LintCode 117. Jump Game II 原创Java参考解答
问题描述
http://www.lintcode.com/en/problem/jump-game-ii/
Given an array of non-negative integers, you are initially positioned at the first index of the array.
Each element in the array represents your maximum jump length at that position.
Your goal is to reach the last index in the minimum number of jumps.
Example
Given array A = [2,3,1,1,4]
The minimum number of jumps to reach the last index is 2. (Jump 1 step from index 0 to 1, then 3 steps to the last index.)
解题思路
题目求到数组最后一个位置的最小跳跃数。
求极小值的动态规划题。
- 状态方程,jumps[x] 表示到每个位置最少需要跳跃几步。除了jumps[0] = 0, 其他初始值设为Interger.MAX_VALUE。
- 二重循环,外面i依次到每个位置。j循环 ( j < i )依依测试i前面位置到j的最小跳跃步数。
- 如果 A[j] + j > i (即j能够跳到i位置) 且 jumps[j] != Interger.MAX_VALUE (即f(j) 已经被检测过可以跳到),那么jumps[i] = Math.min(jumps[i], jumps[j] + 1) (比较之前得出的jumps[i]最小步数和现在正在进行的跳跃得出jumps[j] + 1的最小值)
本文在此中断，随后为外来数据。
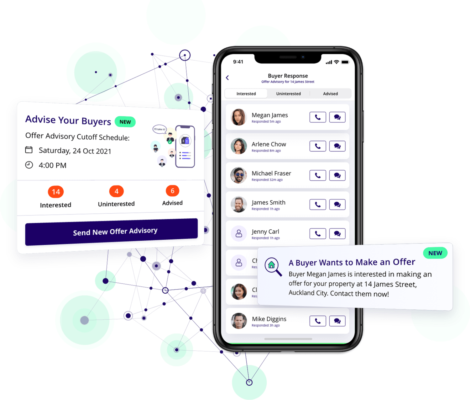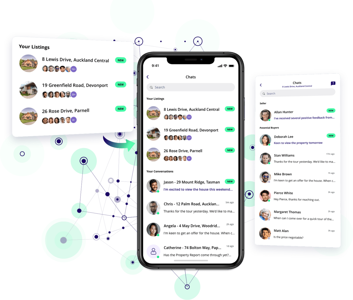 Prioritise customer service in your business. Our integrated communication tools bring all your conversations into a single, intuitive app. Notify potential buyers of changes in sale prices. Let your sellers know when offers have been submitted. Manage open home invitations via simple push notifications.
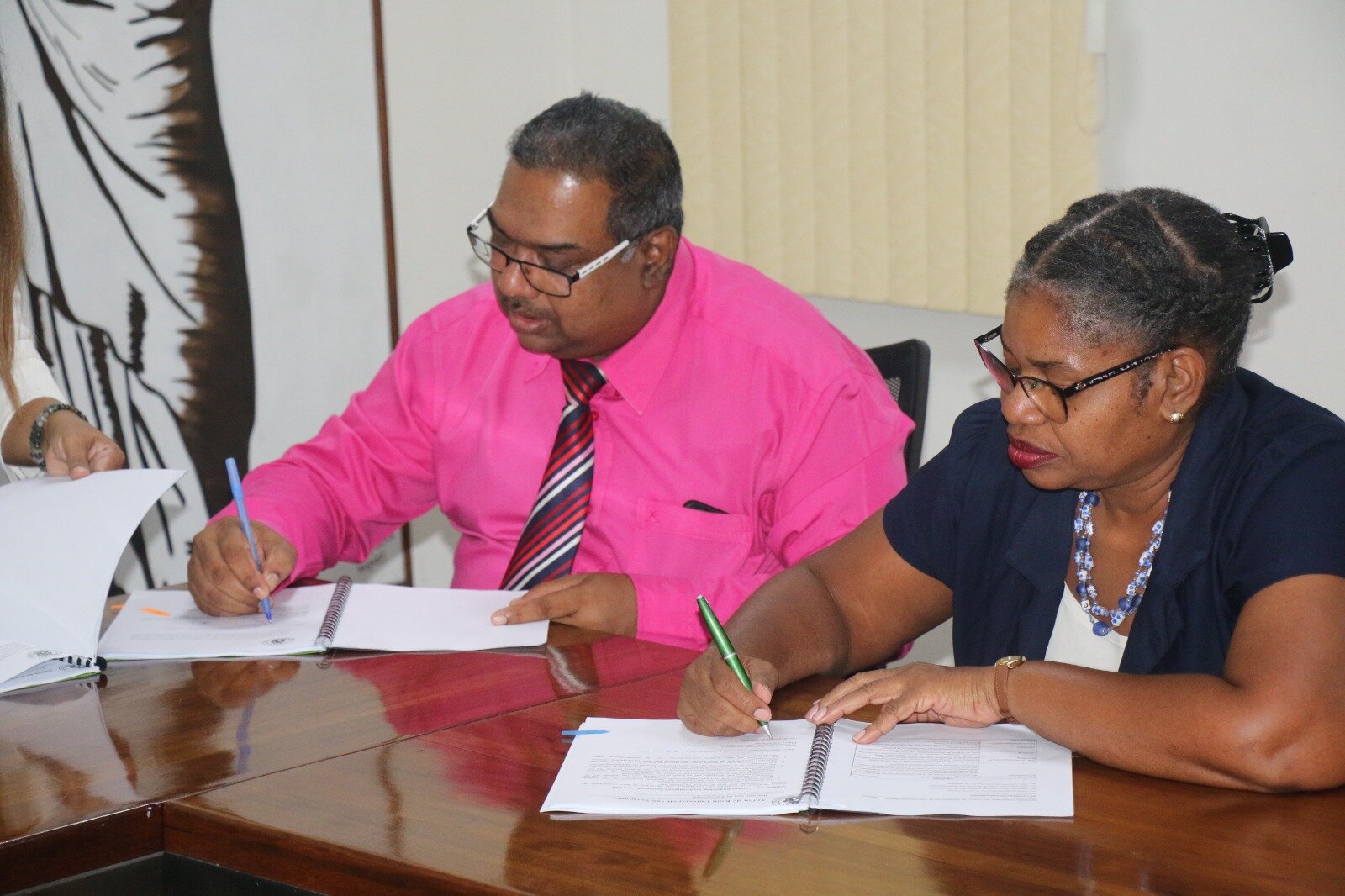 Onder toeziend oog van de minister van JusPol vond de ondertekening voor de Masteropleiding Wetgeving plaats, door de Directeur van Justitie Sharman Lakhisaran en Dr. Shanti Venetiaan, voorzitter van het Bestuur van de Anton de Kom Universiteit.

- 最后一步所需跳跃次数就是 jumps[A.length – 1]的值。
参考代码
public class Solution {
/**
* @param A: A list of lists of integers
* @return: An integer
*/
public int jump(int[] A) {
if (A == null || A.length == 0) {
return 0;
}
// the minimum jumps to i th position
int[] jumps = new int[A.length];
// init: needs MAX_VALUE to reach i positon except positon 0
jumps[0] = 0;
for (int i = 1; i < A.length; i++) {
jumps[i] = Integer.MAX_VALUE;
}
for (int i = 0; i < A.length; i++) {
for (int j = 0; j < i; j++) {
if (jumps[j] != Integer.MAX_VALUE && A[j] + j >= i) {
jumps[i] = Math.min(jumps[i], jumps[j] + 1);
}
}
}
return jumps[A.length - 1];
}
}